Quality Assurance in Formulation Design and Development

QUALITY ASSURANCE IN FORMULATION DESIGN AND DEVELOPMENT

The risk of microbial infection and spoilage arising from microbial contamination during manufacture, storage and use could be eliminated by presenting all medicines in sterile, impervious, single-dosage units. However, the high cost of this strategy restricts its use to situations where there is a high risk of consequent infection from any contaminants. Where the risk is assessed as much lower, less efficient but less expensive strategies are adopted. The high risk of infection by contaminants in parenteral medicines, combined with concerns about the systemic toxicity of preservatives, almost always demands sterile single-dosage units. With eye drops for domestic use the risks are perceived to be lower, and sterile multidose products with preservatives to combat the anticipated in-use contamination are accepted; sterile single-dose units are more common in hospitals where there is an increased risk of infection. Oral and topical routes of administration are generally perceived to present relatively low risks of infection and the emphasis is more on the control of microbial content during manufacture and subsequent protection of the formulation from chemical and physico-chemical spoilage.

As part of the design process, it is necessary to include features in the formulation and delivery system that provide as much suitable protection as possible against microbial contamination and spoilage. Owing to potential toxicity and irritancy problems, antimicrobial preservatives should only be considered where there is clear evidence of positive benefit. Manipulation of physico-chemical parameters, such as A_w, the elimination of particularly susceptible ingredients (e.g. natural ingredients such as tragacanth powder, used as a thickening agent), the selection of a preservative or the choice of container may individually and collectively contribute significantly to overall medicine stability. For ‘dry’ dosage forms where their very low A_w provides protection against microbial attack, the moisture vapour properties of packaging materials require careful examination.

Preservatives are intended to offer further protection against environmental microbial contaminants. However, as they are relatively non-specific in their reactivity, it is difficult to calculate with any certainty what proportion of preservative added to all but the simplest medicine will be available for inactivating such contamination. Laboratory tests have been devised to challenge the product with an artificial bioburden. Such tests should form part of formulation development and stability trials to ensure that suitable activity is likely to remain throughout the life of the product. They are not normally used in routine manufacturing QC.

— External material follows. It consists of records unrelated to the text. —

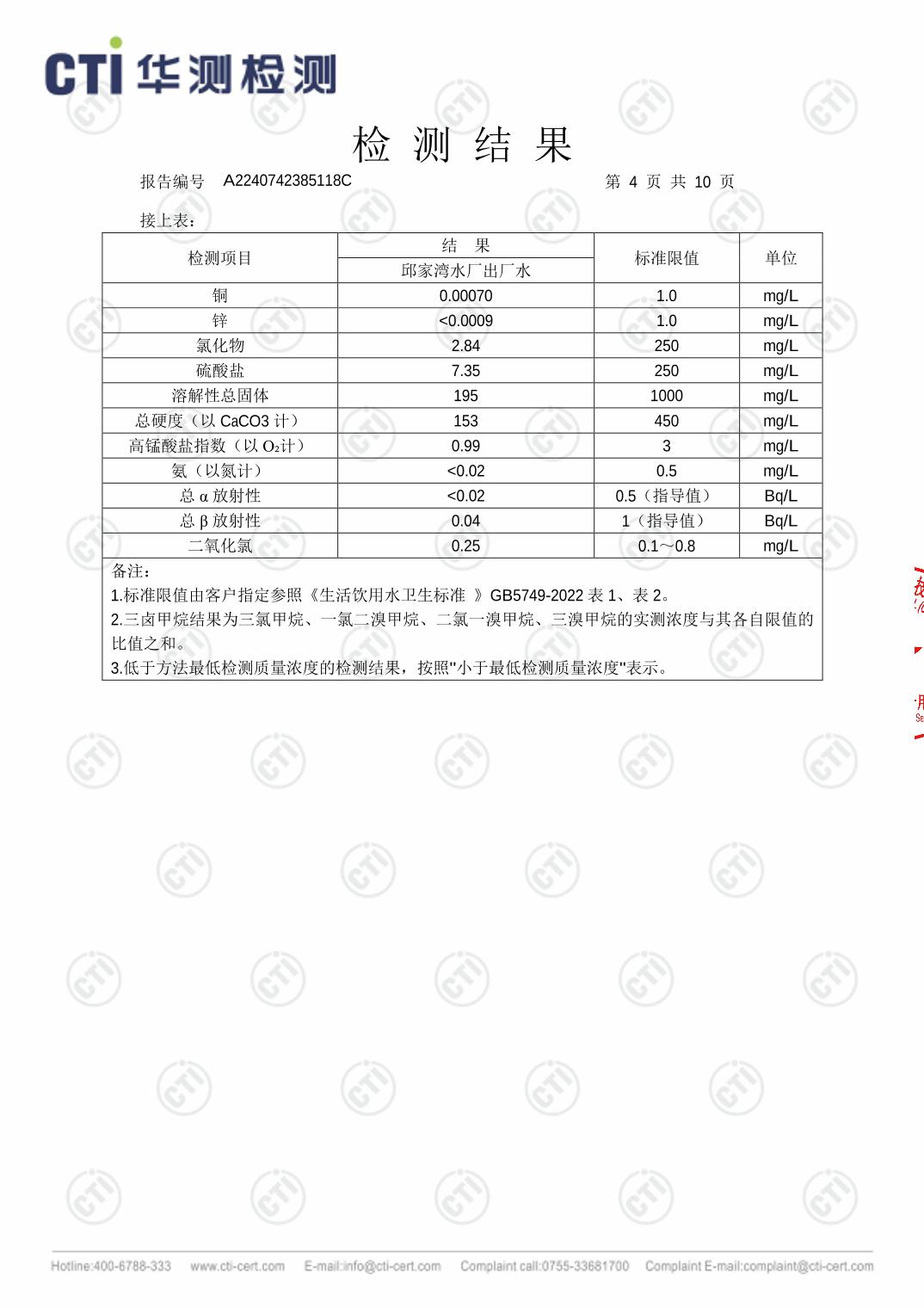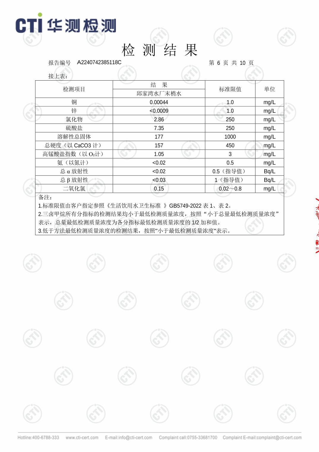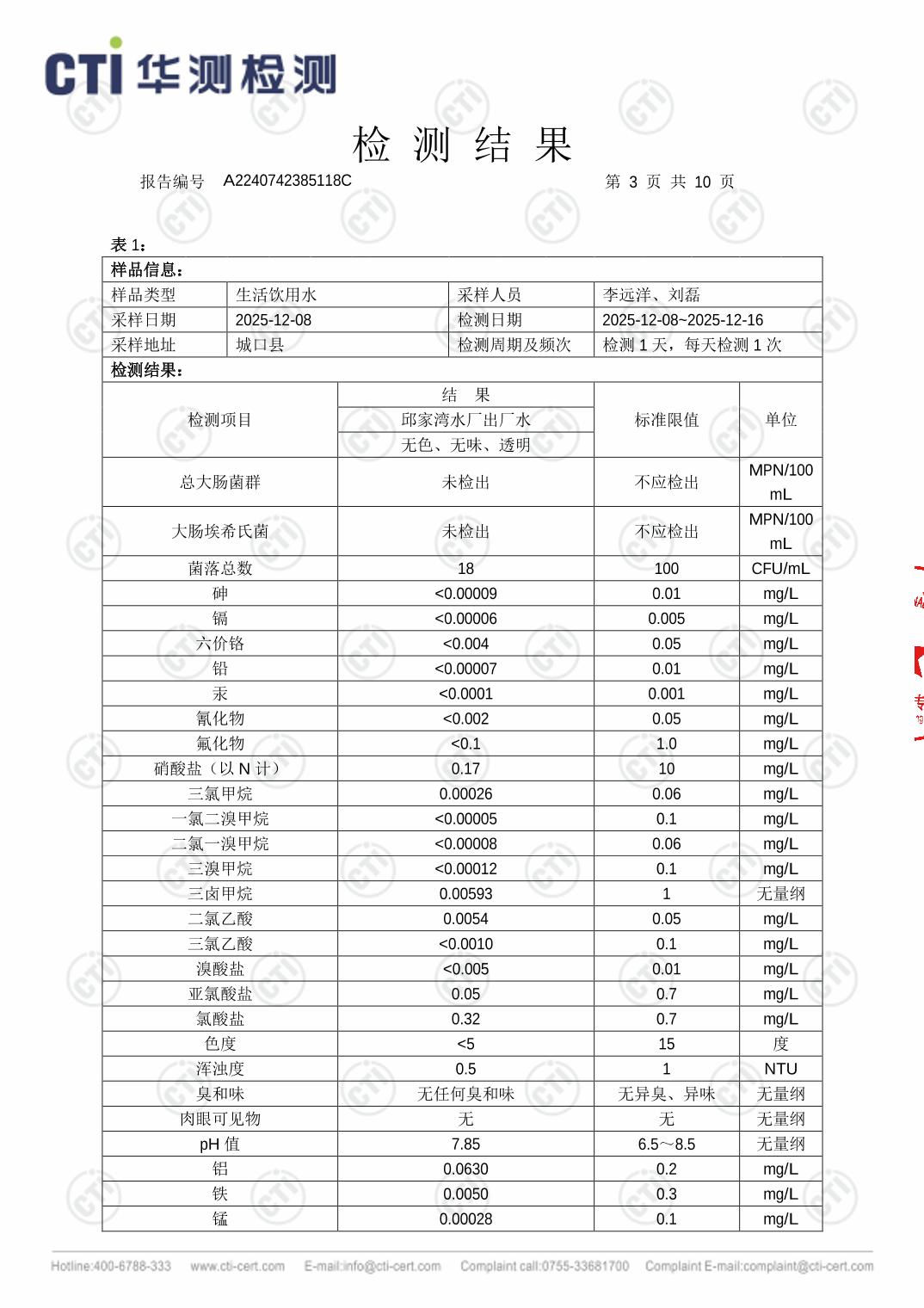 城口县邱家湾水厂12月份生活饮用水检测报告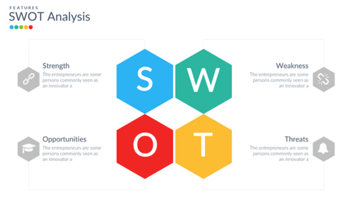 根据第一部分的总结,我们要看到问题和提升空间,这里可以用SWOT工具来做全面的分析。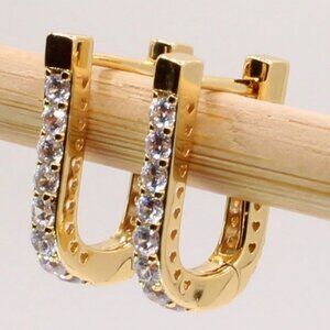 14K Gold Plated Fashion Rectangular Huggies Earrings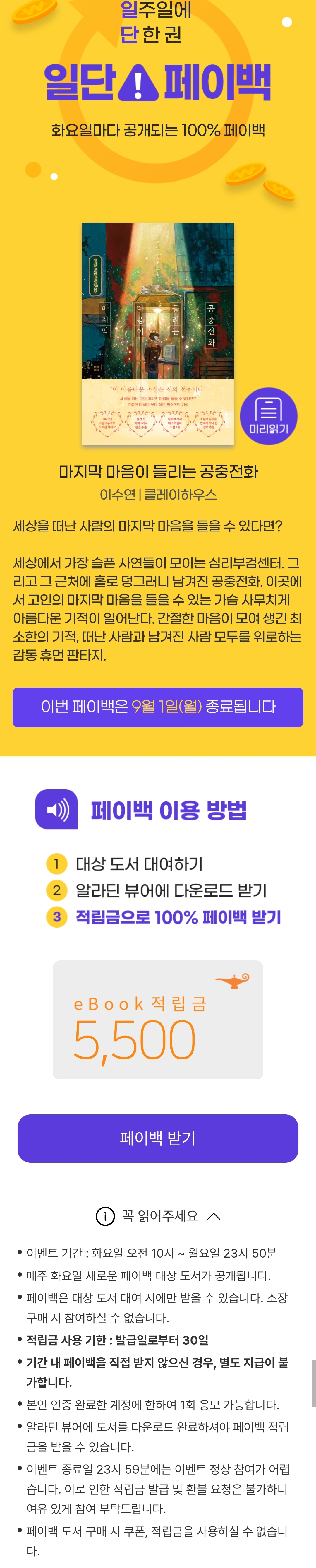 매주 화요일 100% 돌려드려요, 일단 페이백 마지막 마음이 들리는 공중전화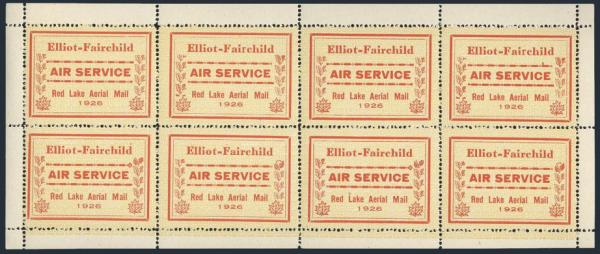 Complete sheet of 8 of the Elliot-Fairchild Air Service. Positions 2 and 4 have the TALL 'R' variety and other stamps show minor varieties. VF, NH (Image)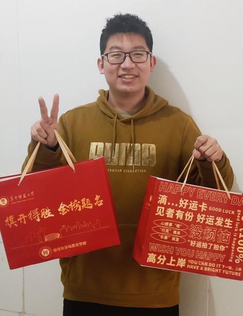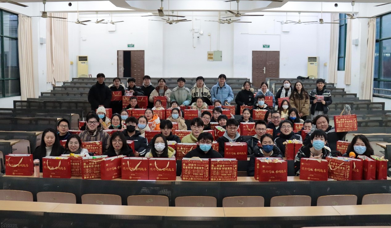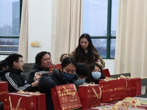 活动最后,辅导员老师和学生干部为考研学子分发满载学院领导、老师们和学弟学妹们暖心祝福的大礼包,每人两份,礼包×2,好事成双!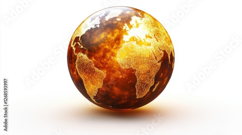Golden Earth Globe, Hot, Global Warming, Isolated, White Background
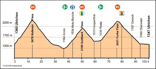 Año 2007, con Furkapass (últimos 20km), Sustenpass y Grimselpass

Some ‘preservative challenge tests’ (preservative efficacy tests) add relatively large inocula of various laboratory cultures to aliquots of the product and determine their rate of inactivation by viable counting methods (single challenge tests), while others reinoculate repeatedly at set intervals, monitoring the efficiency of inactivation until the system fails (multiple challenge test). This latter technique may give a better estimate of the preservative capacity of the system than the single challenge approach, but is both time-consuming and expensive. Problems arise when deciding whether the observed performance in such tests gives reliable predictions of real in-use efficacy. Although test organisms should bear some similarity in type and spoilage potential to those met in use, it is known that repeated cultivation on conventional microbiological media (nutrient agar, etc.) frequently results in reduced virulence of strains. Attempts to maintain spoilage activity by inclusion of formulation ingredients in culture media give varied results. Some manufacturers have been able to maintain active spoilage strains by cultivation in unpreserved, or diluted aliquots, of formulations.

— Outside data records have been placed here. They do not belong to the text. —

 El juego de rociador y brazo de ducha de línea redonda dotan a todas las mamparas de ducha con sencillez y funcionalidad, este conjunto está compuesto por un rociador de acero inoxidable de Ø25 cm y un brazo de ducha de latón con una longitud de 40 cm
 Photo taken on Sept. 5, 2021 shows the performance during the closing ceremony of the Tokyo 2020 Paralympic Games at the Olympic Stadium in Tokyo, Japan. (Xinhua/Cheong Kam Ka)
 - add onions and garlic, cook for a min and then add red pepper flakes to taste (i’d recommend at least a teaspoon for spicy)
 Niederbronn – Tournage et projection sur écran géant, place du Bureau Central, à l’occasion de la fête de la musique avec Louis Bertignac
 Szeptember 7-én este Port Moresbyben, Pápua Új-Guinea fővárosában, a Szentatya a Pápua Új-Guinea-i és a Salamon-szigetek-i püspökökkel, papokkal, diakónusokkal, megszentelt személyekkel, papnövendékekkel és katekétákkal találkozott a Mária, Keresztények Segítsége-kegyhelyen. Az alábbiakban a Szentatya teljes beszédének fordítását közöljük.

The British Pharmacopoeia and the European Pharmacopoeia describe a single challenge preservative test that routinely uses four test organisms (two bacteria, a yeast and a mould), none of which has any significant history of spoilage potential and which are cultivated on conventional media. However, extension of the basic test is recommended in some situations, such as the inclusion of an osmotolerant yeast if it is thought such in-use spoilage might be a problem. Despite its accepted limitations and the cautious indications given as to what the tests might suggest about a formulation, the test does provide some basic, but useful indicators of likely in-use stability. UK product licence applications for preserved medicines must demonstrate that the formulation at least meets the preservative efficacy criteria of the British Pharmacopoeia or a similar test.

The concept of the D-value as used in sterilization technology  has been applied to the interpretation of challenge testing. Expression of the rate of microbial inactivation in a preserved system in terms of a D-value enables estimation of the nominal time to achieve a prescribed proportionate level of kill. Problems arise, however, when trying to predict the behaviour of very low levels of survivors, and the method has its critics as well as its advocates.